Data science focuses on studying data and extracting meaningful insights, while machine learning specialises in developing methods to use data to enhance performance or make predictions. Machine learning is a subset of artificial intelligence.

Machine learning and artificial intelligence (AI) have recently taken a leading role in data science, significantly impacting data analytics and business intelligence. Machine learning automates data analysis and extends to making predictions by collecting and analysing large datasets from specific populations. This is achieved through the development of models and algorithms.

Data science focuses on understanding and extracting insights from data, while machine learning uses those insights to automate tasks and make predictions. Data science provides the basis for exploratory analysis and hypothesis testing, whereas machine learning transforms these insights into actionable intelligence.

In summary, data science utilises statistical techniques and methodologies to analyse data and extract valuable insights. From hypothesis testing to regression analysis and classification, data scientists employ various statistical tools to identify patterns and relationships in data, validate hypotheses, and make informed decisions.

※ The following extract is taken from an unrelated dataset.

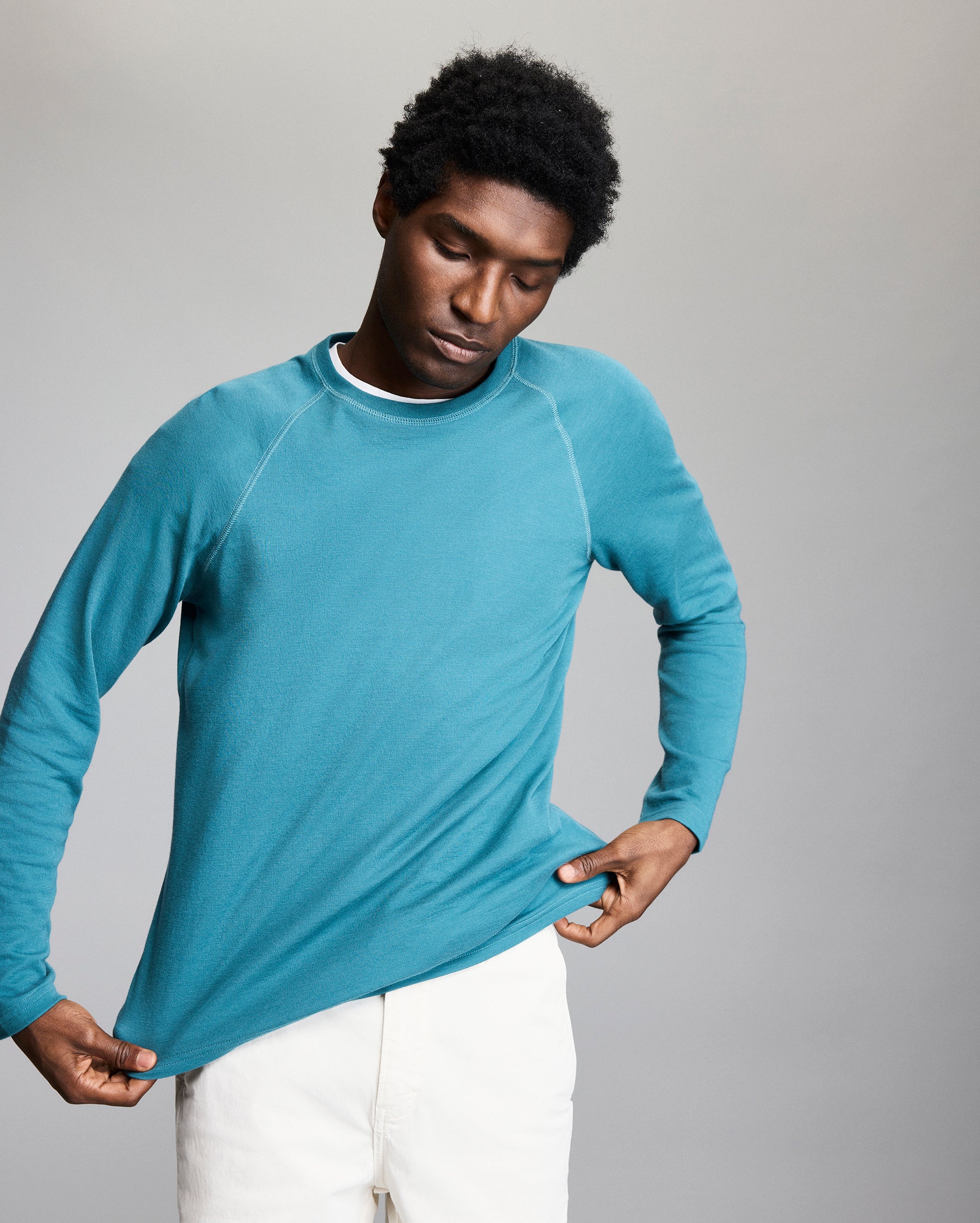 Made with a Pima cotton blend with just the right amount of stretch, giving it an soft hand feel, this raglan sleeve crewneck feels great on the body and can be worn on its own or as an elevated layering piece. Finished with thoughtful details like cover-stitch seams and twill tape reinforcement at the back neck.

Role and Responsibilities of Data Scientist and Machine Learning Specialist

Data Scientist  Machine Learning Specialist 
Data scientists use software tools like Python and R to analyse and visualise data. Create, develop, upkeep, and enhance machine learning algorithms for the organisation's products.
They are also responsible for effectively conveying their findings and insights to stakeholders who may not have technical expertise, ensuring clear understanding and communication across the organisation. Ensure the organisation integrates machine learning principles into its decision-making processes, leveraging data-driven insights for strategic business decisions.
Their duties encompass gathering and scrutinising data, as well as providing recommendations for refining business procedures. The core duty of a machine learning specialist entails creating, constructing, and deploying machine learning models to address various challenges and issues.
Data scientists need proficiency in coding and statistical software such as R or Python. They should handle diverse datasets, from social media analytics to healthcare data. Another key responsibility of a machine learning specialist involves testing and assessing their machine learning models and algorithms using real-world datasets.

Conclusion

  • Data science and machine learning are highly in demand, driving significant innovation across various sectors.
  • Data science involves studying data to extract valuable insights, while machine learning specialises in using those insights to automate tasks and make predictions.
  • Both data science and machine learning offer lucrative career paths that require proficiency in programming, statistical analysis, and data visualisation.
  • Data scientists are responsible for analysing and visualising data, providing recommendations for business processes, and effectively communicating insights to stakeholders.
  • Machine learning specialists design, develop and implement machine learning models for solving different problems, and they test and evaluate these models using real-world datasets.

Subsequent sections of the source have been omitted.